==== Provided material

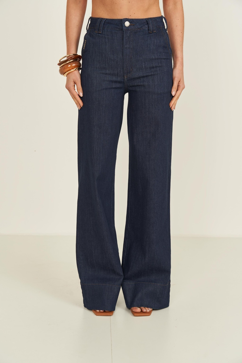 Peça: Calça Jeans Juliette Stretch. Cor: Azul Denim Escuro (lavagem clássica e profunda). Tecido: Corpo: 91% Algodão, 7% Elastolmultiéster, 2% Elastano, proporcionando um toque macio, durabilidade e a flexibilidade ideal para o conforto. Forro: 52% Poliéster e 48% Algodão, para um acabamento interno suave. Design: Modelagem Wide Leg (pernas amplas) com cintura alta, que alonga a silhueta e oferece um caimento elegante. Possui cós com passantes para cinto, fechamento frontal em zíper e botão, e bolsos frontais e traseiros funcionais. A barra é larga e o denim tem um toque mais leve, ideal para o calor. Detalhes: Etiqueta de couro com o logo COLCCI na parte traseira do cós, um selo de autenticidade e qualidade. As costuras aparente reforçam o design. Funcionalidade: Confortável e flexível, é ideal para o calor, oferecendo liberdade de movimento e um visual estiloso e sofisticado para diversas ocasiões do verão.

========
==== Provided material

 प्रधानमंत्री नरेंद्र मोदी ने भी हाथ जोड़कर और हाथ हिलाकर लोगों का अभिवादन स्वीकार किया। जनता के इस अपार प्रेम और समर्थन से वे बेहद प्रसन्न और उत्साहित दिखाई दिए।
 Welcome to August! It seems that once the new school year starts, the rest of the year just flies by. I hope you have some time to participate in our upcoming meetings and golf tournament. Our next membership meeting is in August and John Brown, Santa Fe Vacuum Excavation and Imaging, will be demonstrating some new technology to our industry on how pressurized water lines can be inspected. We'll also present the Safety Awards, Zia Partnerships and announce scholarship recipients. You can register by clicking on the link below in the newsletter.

========

→ Task goal
Output only an exact transcription of the lines above from the one with "प्रधानमंत्री नरेंद्र मोदी" up to and including the one with "Welcome to August!".

→ Output of the exercise
 प्रधानमंत्री नरेंद्र मोदी ने भी हाथ जोड़कर और हाथ हिलाकर लोगों का अभिवादन स्वीकार किया। जनता के इस अपार प्रेम और समर्थन से वे बेहद प्रसन्न और उत्साहित दिखाई दिए।
 Welcome to August! It seems that once the new school year starts, the rest of the year just flies by. I hope you have some time to participate in our upcoming meetings and golf tournament. Our next membership meeting is in August and John Brown, Santa Fe Vacuum Excavation and Imaging, will be demonstrating some new technology to our industry on how pressurized water lines can be inspected. We'll also present the Safety Awards, Zia Partnerships and announce scholarship recipients. You can register by clicking on the link below in the newsletter.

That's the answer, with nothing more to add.